# ati2dvag Error Message



## IMP_99 (Apr 28, 2007)

My computer has been like this for about a month now and it hasn't changed I will explain the best I can and if you need more information please don't hesitate to let me know either through here or by PM.
---
My computer will be running fine as can be I can have lots or little programs open running and all of a sudden the mouse will become really laggy and then completely freeze. About 5-15 seconds later the blue 'screen of death' appears and tells me it is "ati2dvag" causing the issue.

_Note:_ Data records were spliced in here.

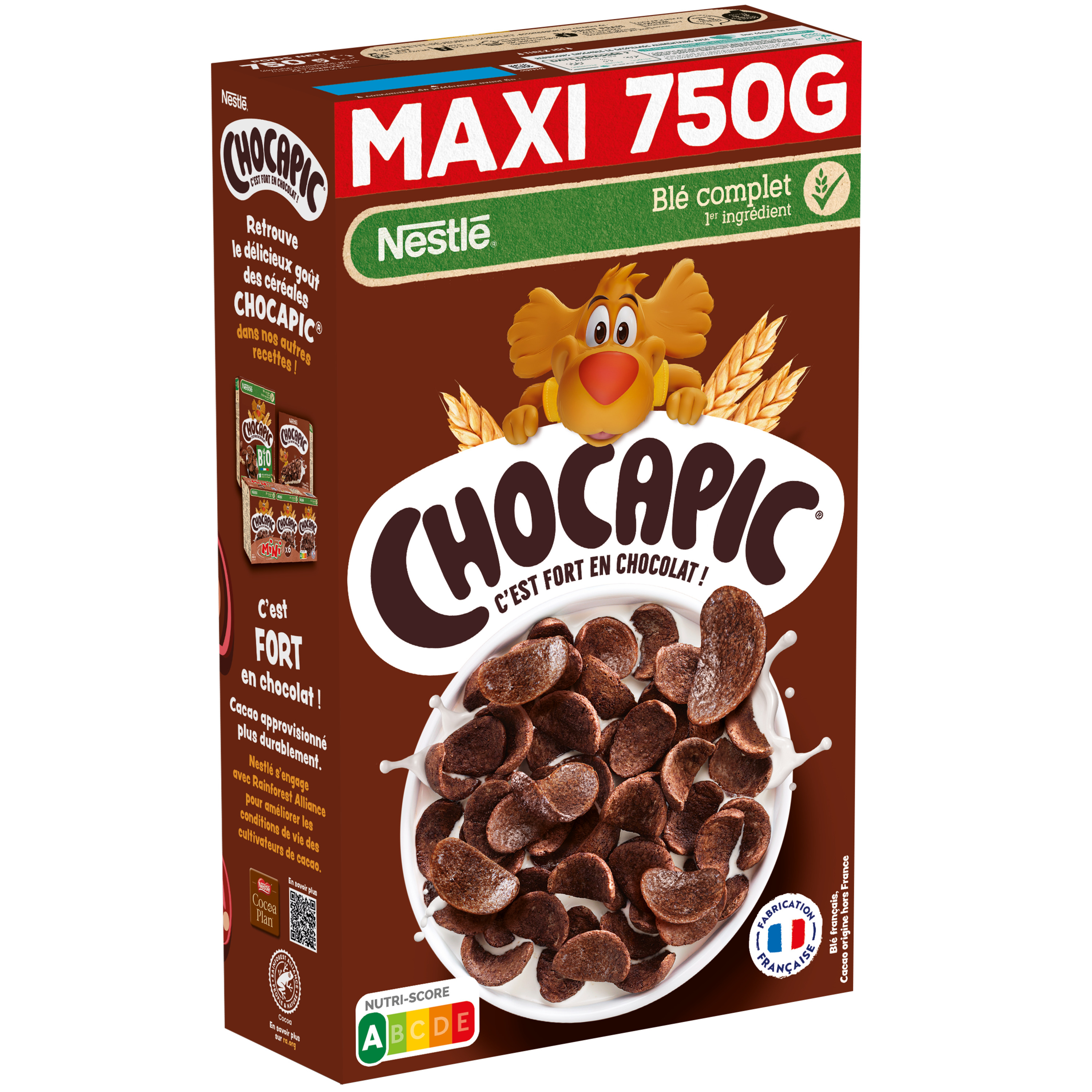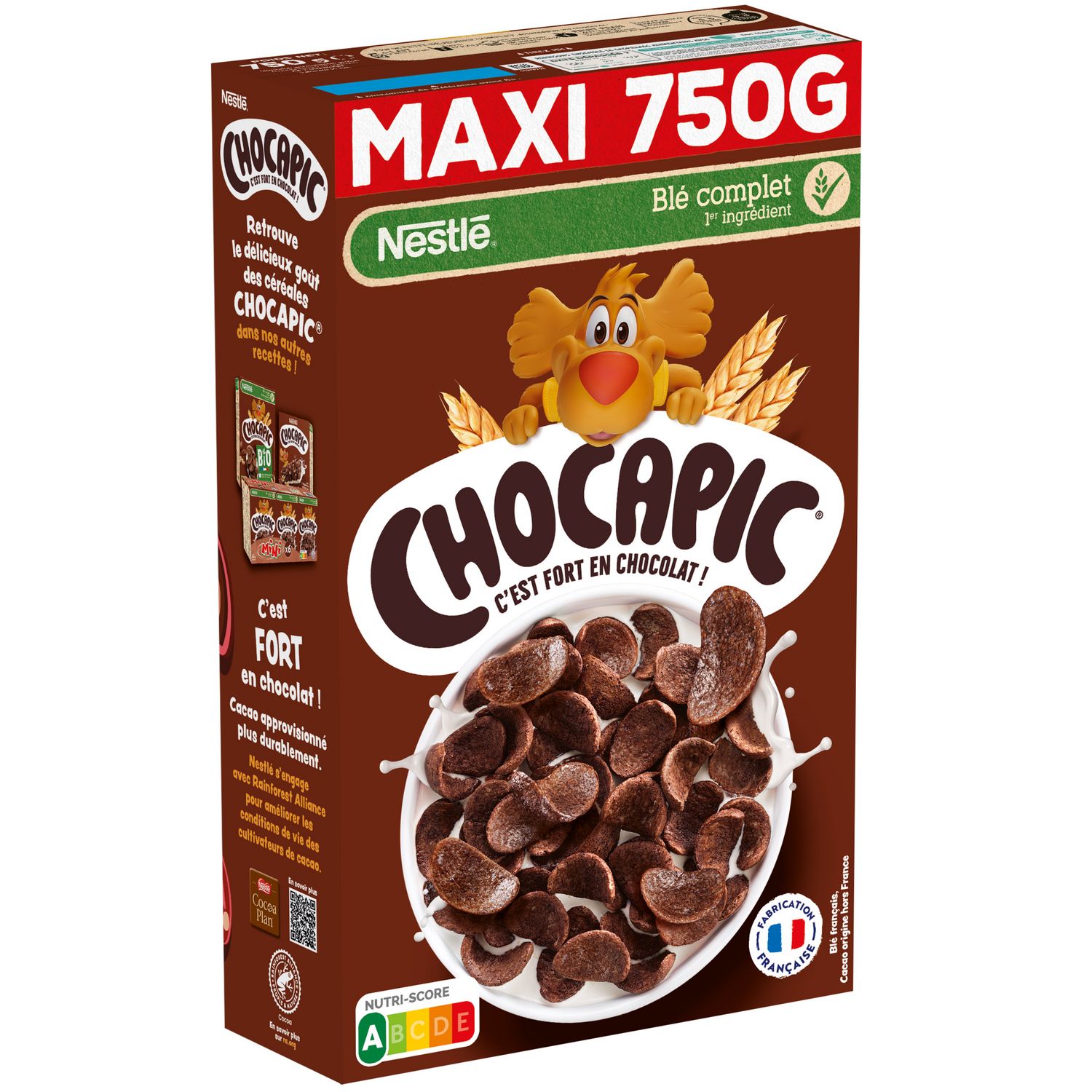 Découvrez les céréales CHOCAPIC® dans un paquet de 750g : de délicieuses pétales de céréales au goût fort en chocolat pour le petit-déjeuner. Fabriquées en France, elles contiennent du blé complet cultivé plus durablement. La recette des pétales de céréales chocolatées est notée Nutri-Score A et elle est sans colorant ni arôme artificiel. Et pour varier les plaisirs, CHOCAPIC® existe aussi en version BIO et en barres de céréales !
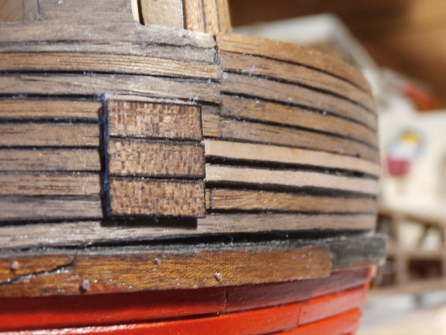 Возможно эти не обычные, диагональные бархоуты нашего корабля нашивались именно так, как и пишет Евгений Геннадьевич (АZET) Я знаю он большой любитель галеонов. Авторы постера на своей модели решили вопрос Дмитрия Владимировича просто, покрыли монолитно чистовую обшивку, планками , что не так и бросается в глаза. Планки обшивки повторяют изгиб нижних бархоутов. Мне же хотелось выделить каждую доску обшивки отдельно! В этом наверное и мой косяк. Переделывать я пока не думаю , посмотрим, когда будет покрыт весь борт чистовой обшивкой - тогда и определимся!
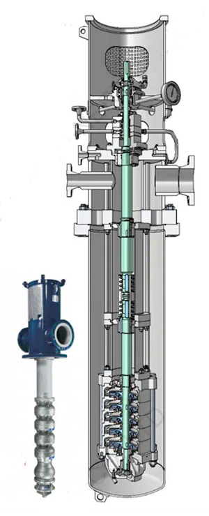 Vertically installed barrel pump, multi-stage, radially split, cylindrical shell, the first stage mostly adopts impeller with outstanding anti-cavitation performance. When the pressure difference is large, the balance drum structure is used to balance the axial force, and the residual axial force is borne by the paired angular contact ball bearings. The casing is only subjected to inlet pressure, and the length of the casing and the installation depth of the pump are determined by the requirements of NPSH cavitation performance.
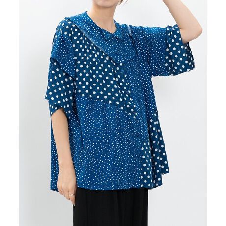 大小のドットを混ぜ合わせたプルオーバーです。
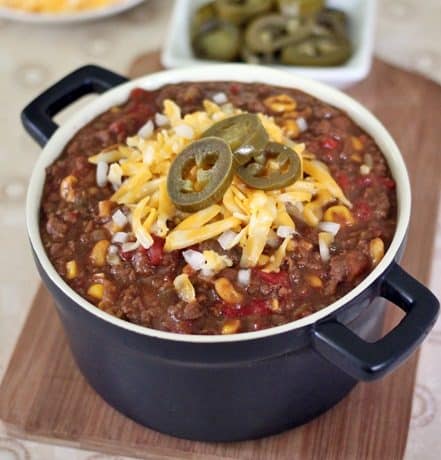 • ½ كيلو لحم مفروم معصج • 2 علبة فاصوليا حمراء معلبة • 1 علبة مكعبات طماطم • 1 علبة صلصة طماطم • 1 ملعقة كبيرة من التوابل المشكلة • 1 ملعقة صغيرة صلصة تابسكو أو صلصة حارة • 2 ملعقة صغيرة بودرة ثوم • 1 كوب مكعبات بصل • 1 ملعقة صغيرة بودرة بصل • 1 ملعقة كبيرة صلصة رسيستير شاير • 4 ملعقة صغيرة مسحوق الفلفل الأحمر الحار • ½ ملعقة صغيرة مسحوق الخردل • 1 ملعقة صغيرة قرفة • 2 كوب حليبطريقة التحضير :
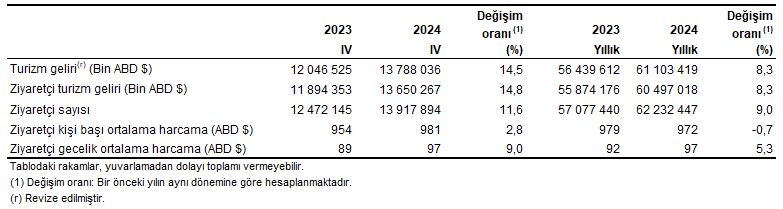 Turizm geliri ve ziyaretçi sayısı, IV. Çeyrek: Ekim-Aralık, 2024
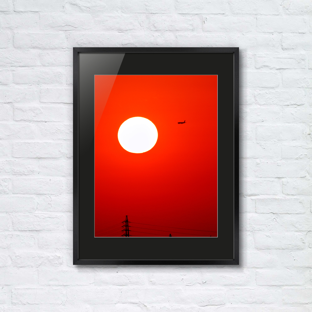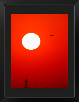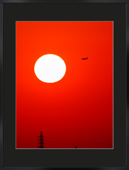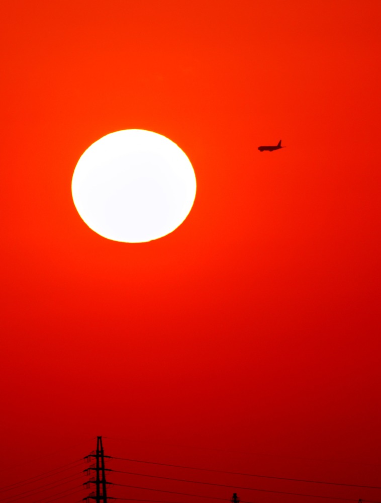 燃えるような赤い空に浮かぶ太陽。 その縁をかすめるように、一機の飛行機が通過する瞬間を捉えました。
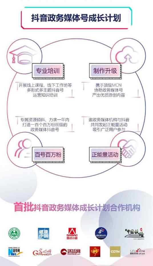 为了帮助更多政府媒体机构利用抖音传播正能量,抖音相关负责人在大会上公布了抖音政务媒体号成长计划。计划由四部分组成,分别为专业培训、制作升级、百号百万粉、正能量伙伴招募。
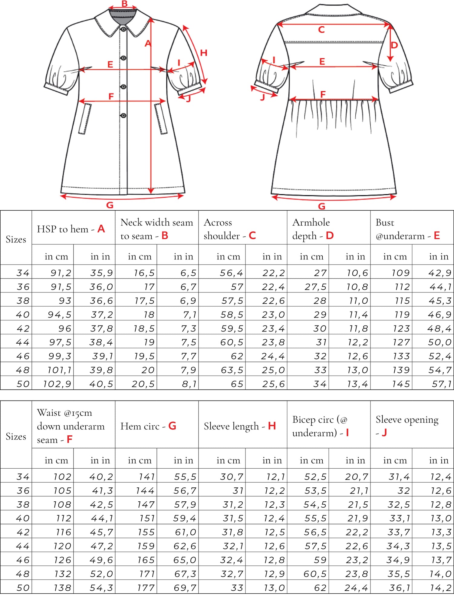 Size Chart for women clothing Size Chart Sizes 34-50 for sisterMAG Patterns
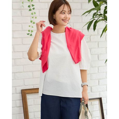 ぽこぽこした格子柄のサッカー素材を使用したブラウスです。ランタンスリーブが今年らしい1枚です。デニムに合わせてカジュアルダウンしたスタイルがおすすめです。
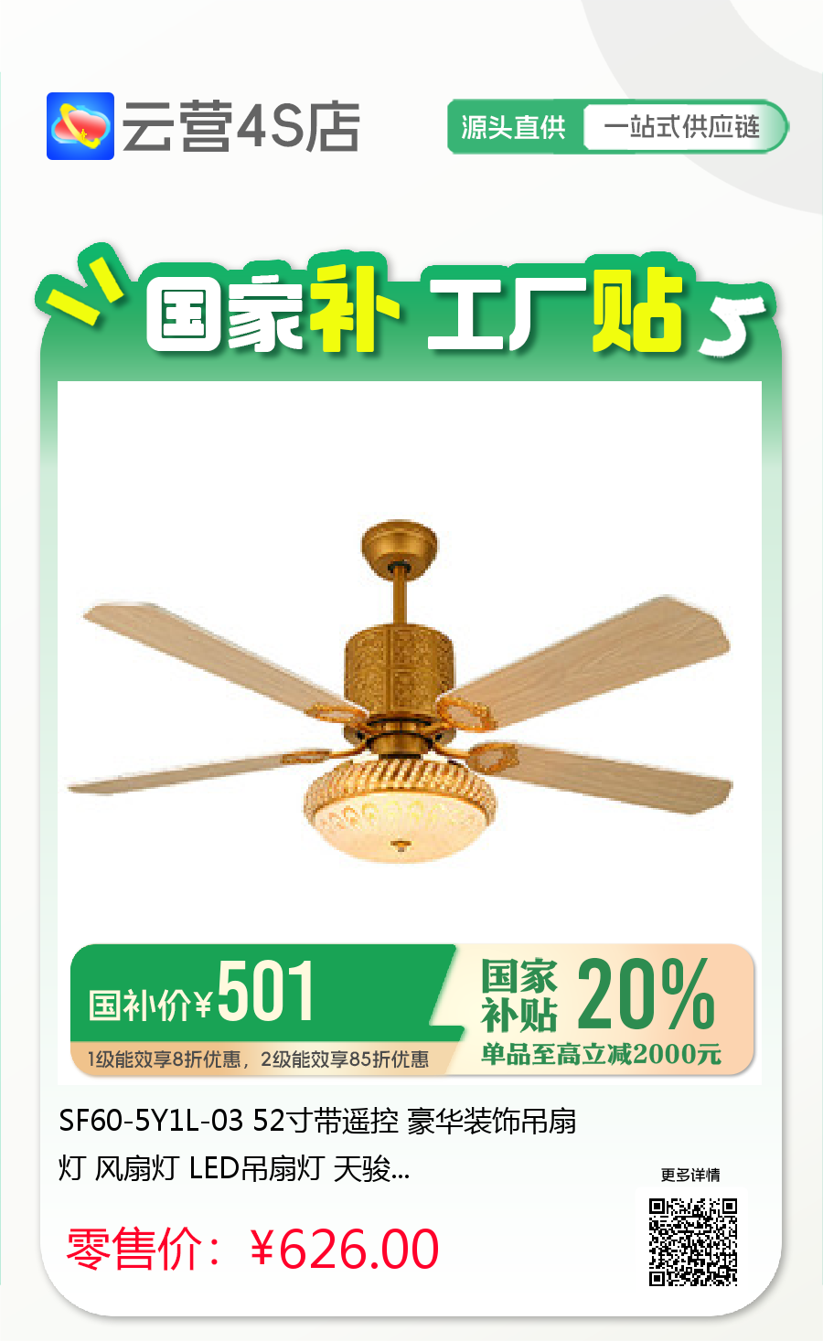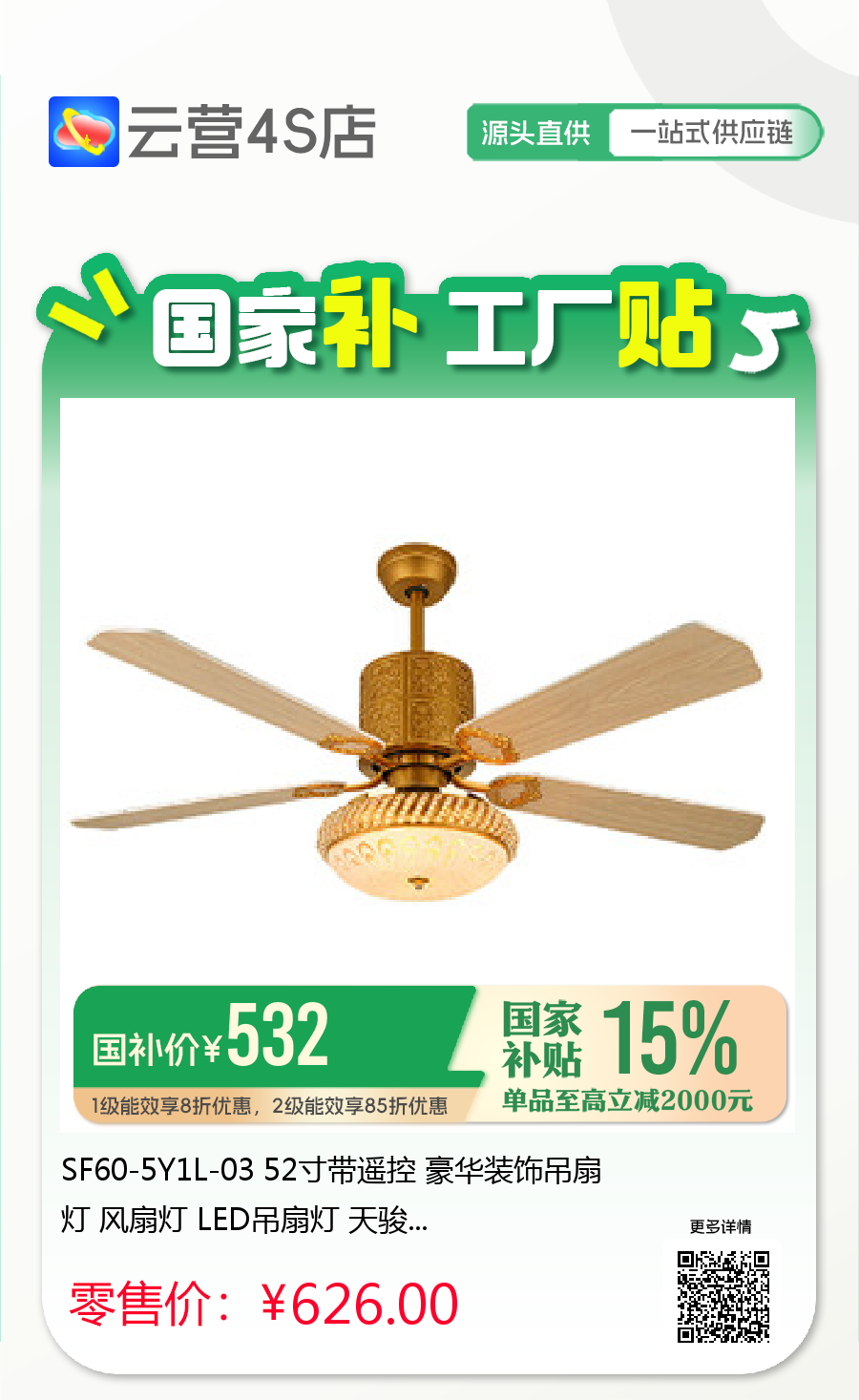 SF60-5Y1L-03 52寸带遥控 豪华装饰吊扇灯 风扇灯 LED吊扇灯 天骏
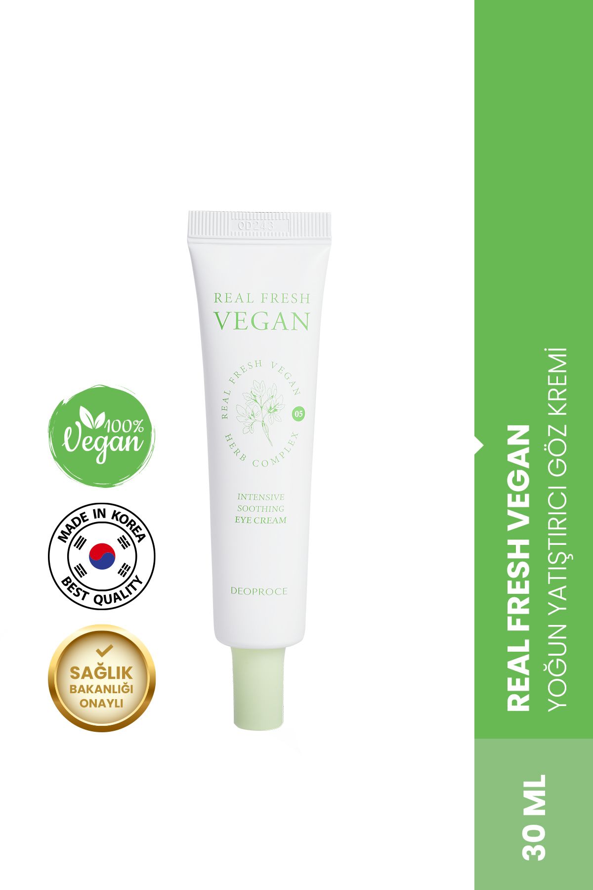 Yogun Tazeleyici ve Yatistirici Real Fresh vegan göz kremi Eve Vegan Sertifikasina sahiptir. Vegan förmülü ile cildinizi canlandirir. Konsantre Bitki Özü ile Cildinizi Yogun Nemlendirir. Zararli içerik ve yapay koku içermez. Hassas ciltler güvenle kullanabilir, Sadece dogal kokular kullanilmistir. Bitkisel özler:Yasemin, Lavanta, Ada Çayi, Papatya, Kekik, Nane, Biberiye ve Hadan. Göz Çevresi için de etkili nemlendirme vardir. Göz Çevresi ve alti için bitkisel özler içeren nemlendirici krem, Epidermisi tazeler ve besler,mimik çizgilerini yumusatir, Koyu halka görünümünü aydinlatmada etkilir.

It mentions other codes and letters etc.. that I can provide you with the next time it freezes if needs be.
---
Thank you, IMP_99


----------



## IMP_99 (Apr 28, 2007)

Update: If it is of any help sometimes the toshiba laptop won't show anything when I have restarted it.


----------



## TheMatt (May 9, 2006)

Hi,

What video card do you have? I suggest downloading the latest stable catalyst drivers from here: http://www.techsupportforum.com/648501-post3.html

Be sure to uninstall your current ATI driver in device manager and install the new driver in safe mode.


----------



## IMP_99 (Apr 28, 2007)

Hi there,

Sorry to sound like a 'noob' but I am 
How do I find out what driver I have and how do I go into safe mode and install it etc..


----------



## TheMatt (May 9, 2006)

Right click on My Computer and select Manage. Then, go into Device Manager and look under Display adapters. It will tell you there.

To go into safe mode, and press and hold F8 right before Windows starts to load and you see the Windows XP loading icon. When you see a boot menu, select "Safe mode with networking".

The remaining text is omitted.